IndexList(index_id='166953ab-ab4f-412b-b3f5-2cdf40ae2d71', summary=None, nodes=['30aad8eb-e8d1-42bb-a5b4-978daf8ee7df'])


In the above example, we create an index from nodes using SummayIndex, we can see the structure of the index via index_struct. So the index is ready to be retrieved, from the beginning until now we created Doc, created Node, created Index is only for the purpose of retrieving information from data, right? To retrieve data in the index, Llama Index supports many different retrieval tools, but the simplest here is to create a query_engine object from index.as_query_engine(), which means we create a question and answer engine from the index. Usage is also very simple, just call the query_engine.query() method with the parameter being the content of the question.

In [None]:
query_engine = index.as_query_engine()
respone = query_engine.query("what is fat cat doing?")
print(respone)

In the above code, we get an error because we have not set the OPEN AI API key so we cannot use query_engine. Now let's add the key to fix the error.

In [18]:
from llama_index.core import Settings
from llama_index.llms.openai import OpenAI
import openai

openai.api_key = "sk-proj-your-openai-api-key"
Settings.llm = OpenAI(model="gpt-4o-mini", temperature=0.2)
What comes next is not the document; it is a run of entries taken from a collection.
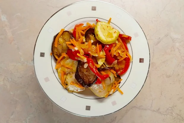 ШАГ 13 Выложить овощи слоями: кабачки, баклажаны, лук, морковь, перец. Каждый слой посолить, поперчить, посыпать чесноком.
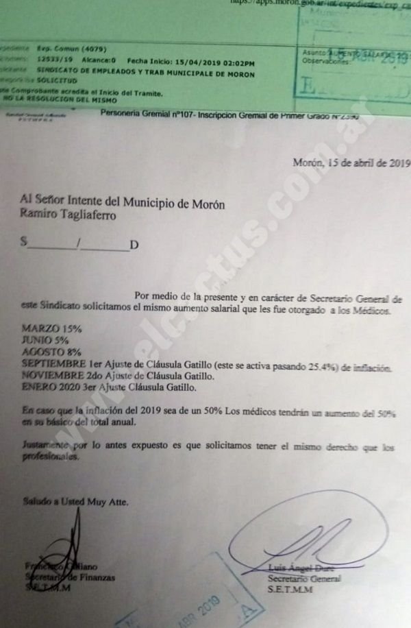 Desde el Sindicato de Empleados y Trabajadores del Municipio de Morón presentaron una nota dirigida al intendente Ramario Tagliaferro donde solicitan la misma recomposición salarial que tuvieron los médicos y las médicas del Hospital Municipal.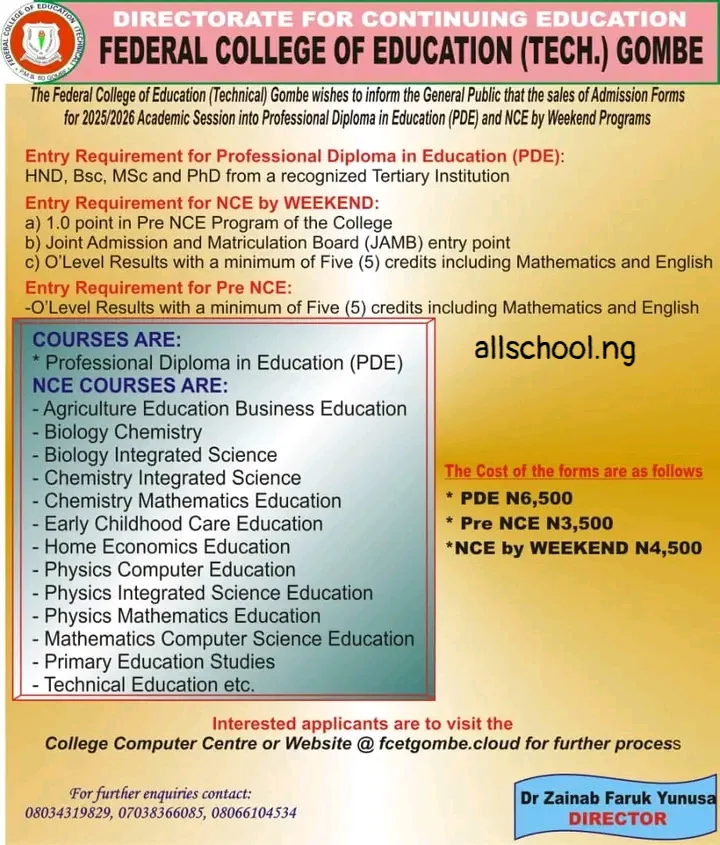 The Federal College of Education Technical Gombe wishes to announce to the general public that the sale of forms for the 2025/2026 Academic Session is ongoing and any interested. applicant should visit the College Computer center to pay for the forms. Prospective candidates are to come along with a copy of all educational documents for the application process.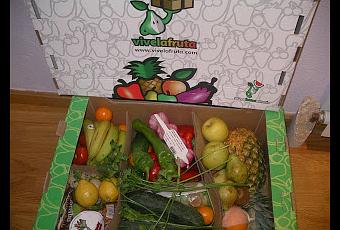 Que sorpresa! Es que no me lo esperaba. Pero cuando llega un mensajero a casa con una caja como esta llenita de fruta y verdura,... es para alucinar, no?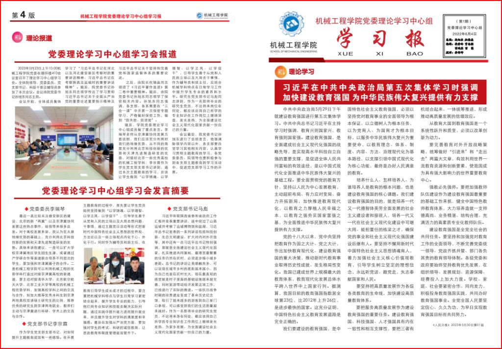 机械工程学院党委利用“机械工程学院党委理论学习中心组学习报”作为载体,传递主题教育最新学习内容,确保学习不掉队;还创新性开设“党委理论学习中心组学习会发言摘要”板块,供党员掌上学、随身学,在理论学习中做到在干中学,在学中干。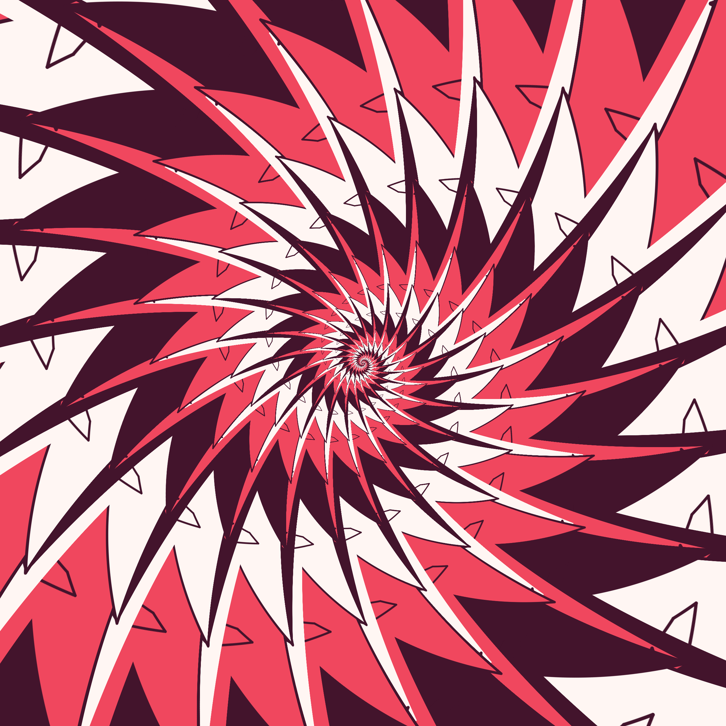Escher-style tiling of a plane, gone wrong. Each image spins hash-driven colors, shapes, and symmetries into infinity. Fly through the spiral as it morphs between beauty and madness. Keys: F = Fly through/back, D = Distort on/off, Esc = Stop, S = Save image.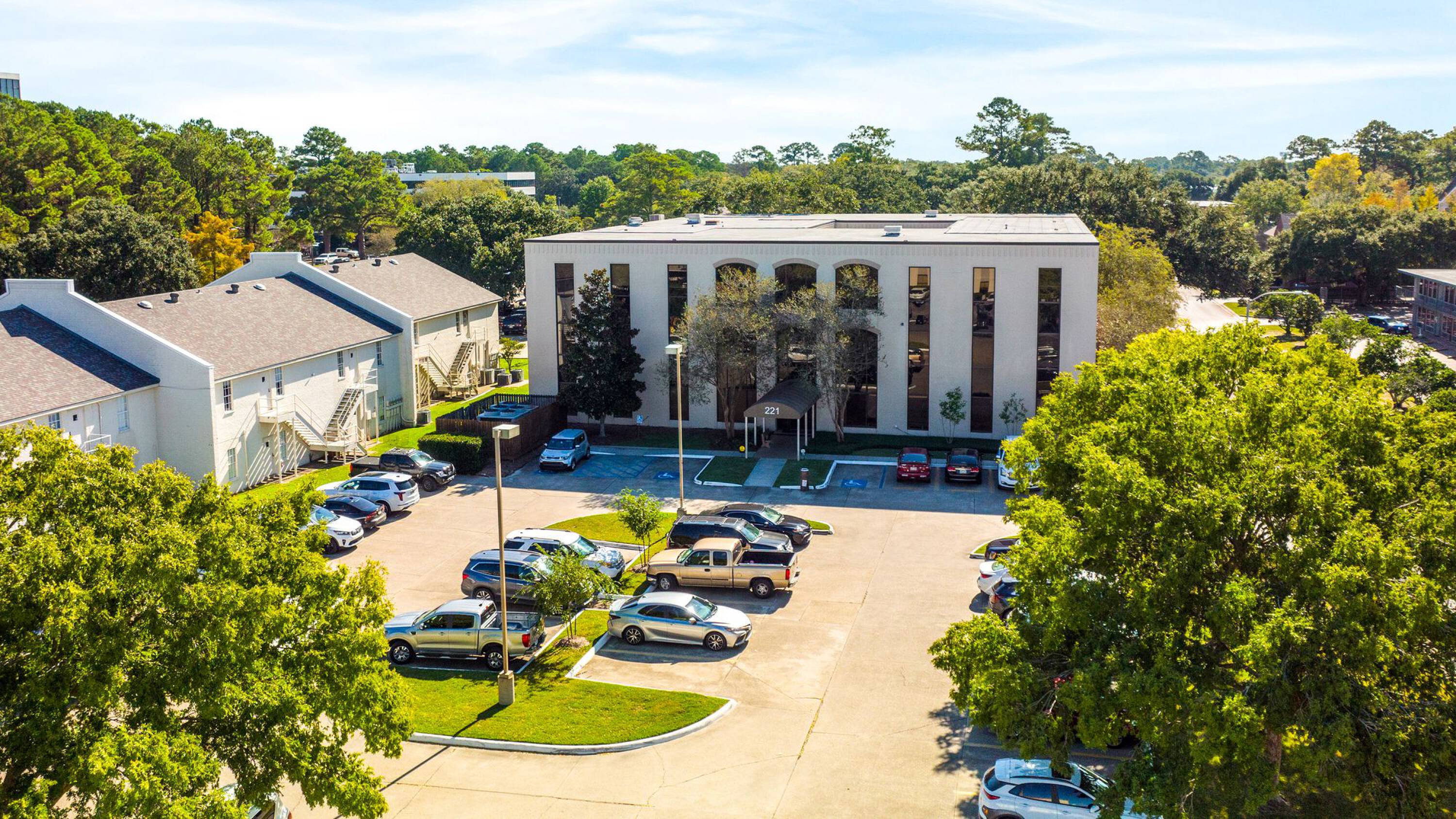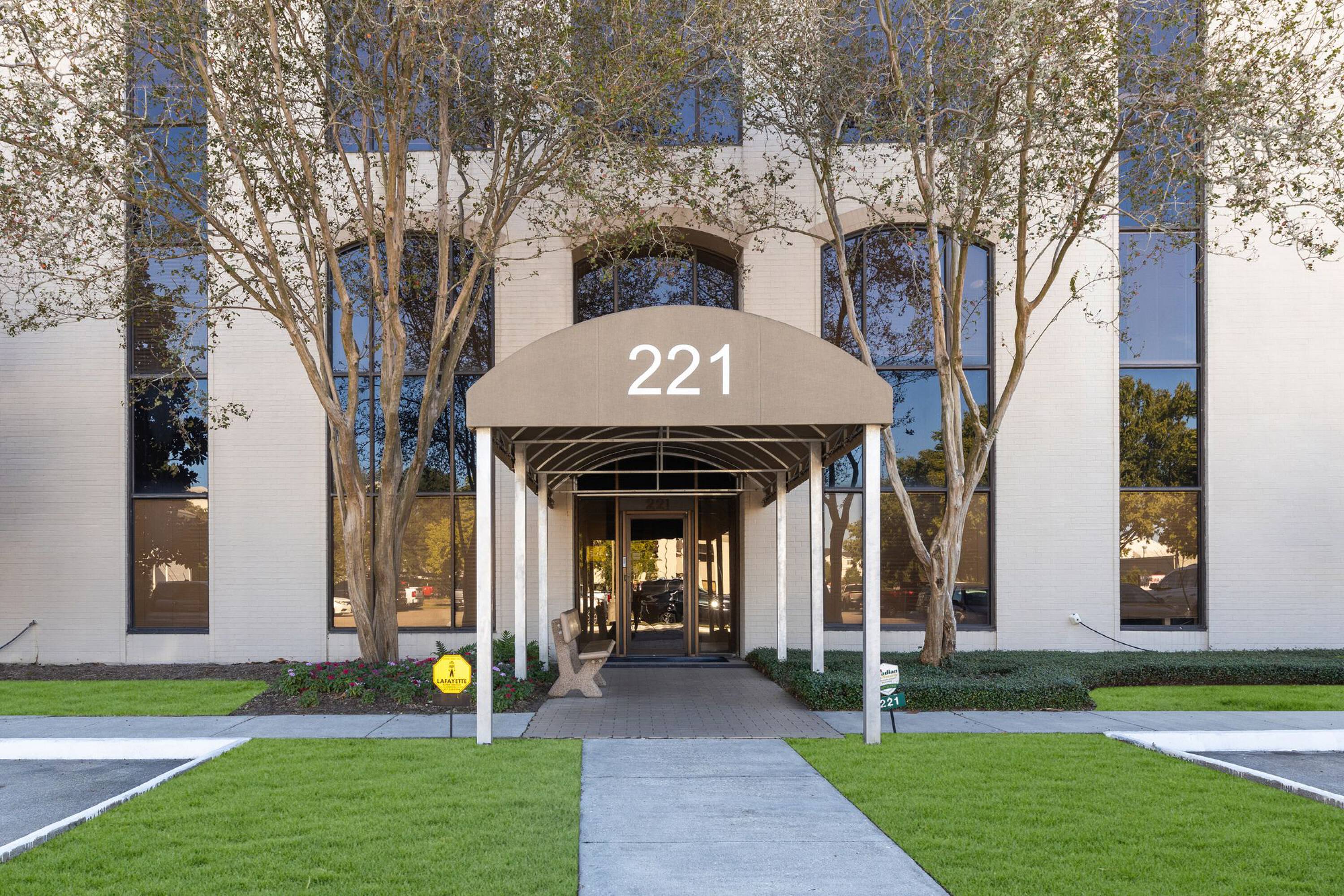 The property at 221 Rue De Jean is a full-service office building. It features ample parking on both sides of the building and an interior courtyard. The courtyard provides tenants with a relaxing break area and views from the interior office suites. Available suites vary in size and can be reworked to accommodate a variety of users. The building is located right off Kaliste Saloom Road, providing easy access to Highway 90 and River Ranch via Kaliste Saloom Road, and downtown via Pinhook Road just 0.3 miles south.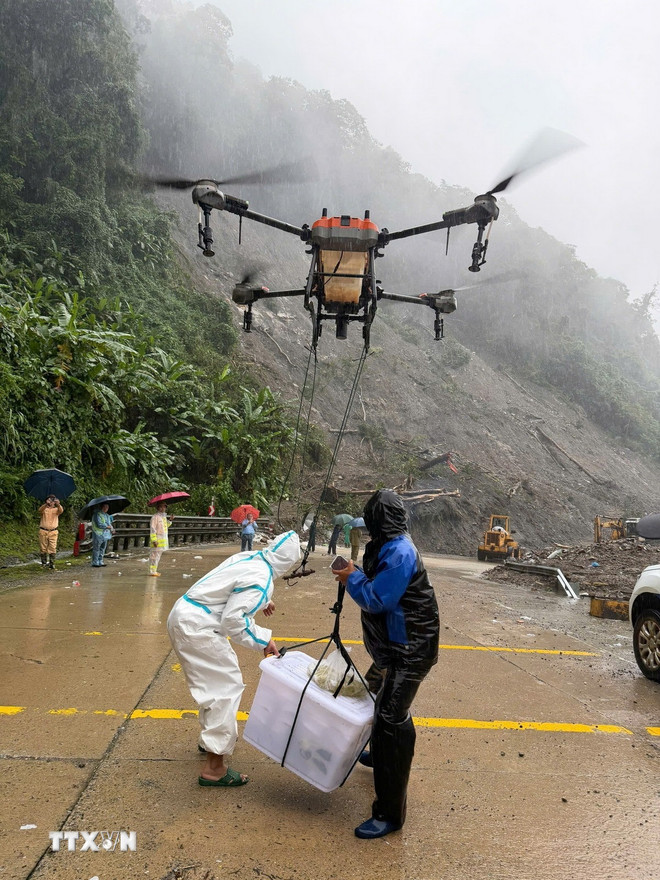 “Chúng tôi đưa thức ăn, nước uống lên nhưng hiện nay, trên đèo mưa quá lớn, xuất hiện thêm nhiều điểm sạt, đất đá tràn ra mặt đường nên không thể tiếp cận được với khu vực các lái xe đang bị mắc kẹt. Hiện đội đang cố gắng hướng dẫn các tài xế đi bộ đến các điểm bán thực phẩm gần nhất để mua thức ăn, nước uống. Với thời tiết mưa lớn như hiện nay, drone cũng không thể bay được,” anh Hồ Đắc Diện nói.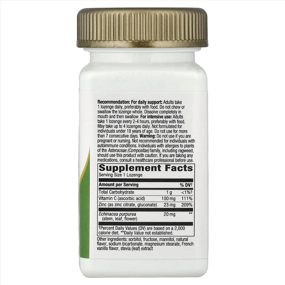 Сотрудники Nature's Way® уверены, что только природа способна дать нам все самое лучшее. Именно поэтому мы отбираем самые качественные травы, которые только есть на земле. Любые материалы, которые мы используем в качестве сырья, проходят тщательную проверку на наличие примесей и содержание действующих веществ. Вот почему наши продукты отличаются бескомпромиссным качеством и помогают сделать вашу жизнь более здоровой. Это не просто наш путь, это путь природы — Nature's Way™. Рекомендации по применениюПринимайте по 1 леденцу каждые два часа, не более 6 леденцов в день. Не используйте более 7 дней подряд. ИнгредиентыСорбитол, фруктоза, маннит, натуральный ароматизатор, бикарбонат натрия, стеарат магния, натуральный ароматизатор «Французская ваниль», экстракт листьев стевии. Не содержит соли, дрожжей, пшеницы, сои, молочных продуктов, консервантов. ПредупрежденияЭтот продукт предназначен только для взрослых (для лиц 18 лет и старше). Не принимайте данный продукт натощак, так как это может привести к незначительному расстройству пищеварения. Не жевать и не глотать леденцы целиком. Подождать полного растворения во рту. Не рекомендуется принимать лицам с аутоиммунными заболеваниями. Лицам с аллергией на растения семейства сложноцветных (Compositae), включая амброзию, следует использовать этот продукт с осторожностью Если вы беременны, кормите грудью или принимаете какие-либо лекарства, проконсультируйтесь с врачом перед использованием. Хранить в недоступном для детей месте. В целях безопасности имеет внутреннюю защитную пленку с принтом. Не используйте данный продукт, если защитная мембрана повреждена или отсутствует.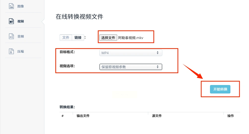 2. 点击“选择文件”按钮,找到本地要转换的MKV文件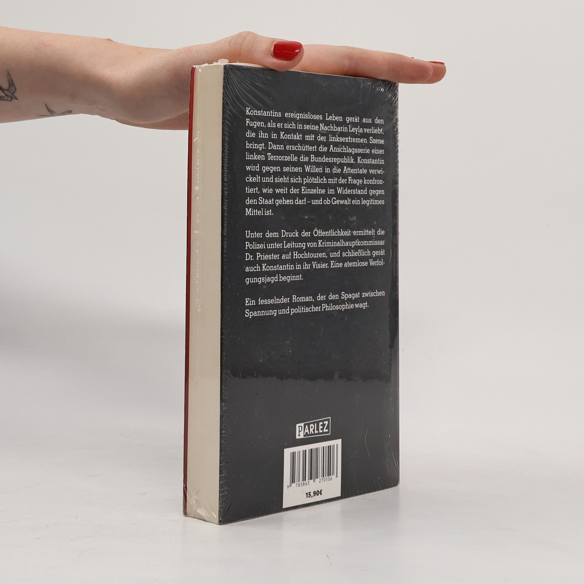 Konstantins ereignisloses Leben gerät aus den Fugen, als er sich in seine Nachbarin Leyla verliebt, die ihn in Kontakt mit der linksextremen Szene bringt. Dann erschüttert die Anschlagsserie einer linken Terrorzelle die Bundesrepublik. Konstantin wird gegen seinen Willen in die Attentate verwickelt und sieht sich plötzlich mit der Frage konfrontiert, wie weit der Einzelne im Widerstand gegen den Staat gehen darf – und ob Gewalt ein legitimes Mittel ist. Unter dem Druck der Öffentlichkeit ermittelt die Polizei unter Leitung von Kriminalhauptkommissar Dr. Priester auf Hochtouren, und schließlich gerät auch Konstantin in ihr Visier. Eine atemlose Verfolgungsjagd beginnt. Ein fesselnder Roman, der den Spagat zwischen Spannung und politischer Philosophie wagt.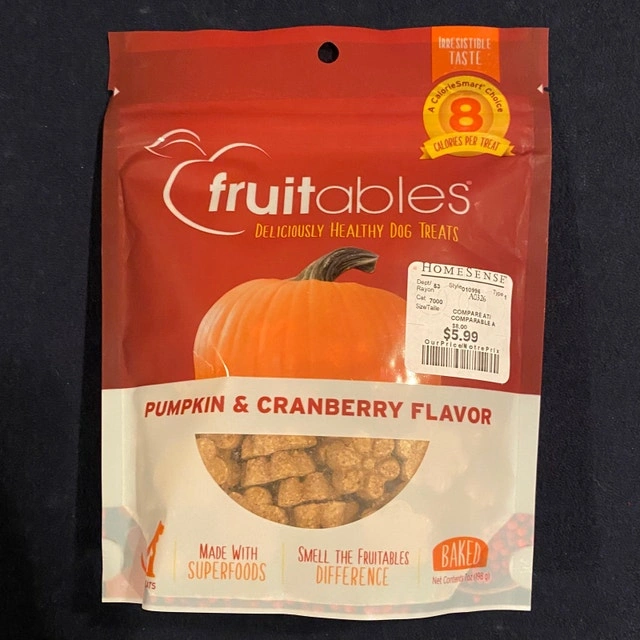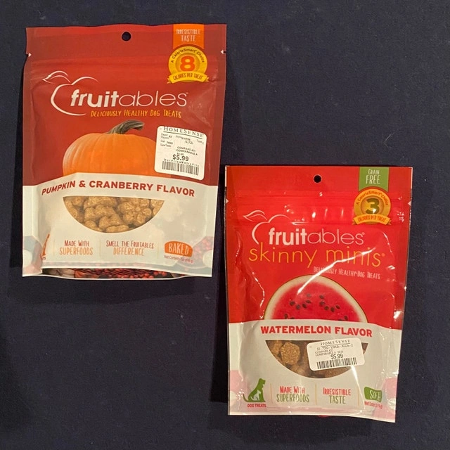 I have two bags of Fruitables Dog Treats, one Pumpkin & Cranberry flavour (90g) and one Watermelon flavour (71g). Both bags are new and unopened, made with superfoods and are irresistibly tasty for your furry friend! Looking to sell both together for $8. Curbside pick up. Cash accepted.

In the code above, we set the api_key from open api, in addition, we set the LLM model that we use as gpt-4o-mini, with temperature as 0.2. Here, temperature has a value from 0 to 2, the higher the value, the more creative and random the answer. When the value is lower or equal to 0, the result will be more fixed, that is, we ask a question many times, the answer is the same. In general, depending on the purpose of use, we will adjust the number appropriately.

In [19]:
query_engine = index.as_query_engine()
respone = query_engine.query("what is fat cat doing?")
print(respone)

The fat cat was lying by the window.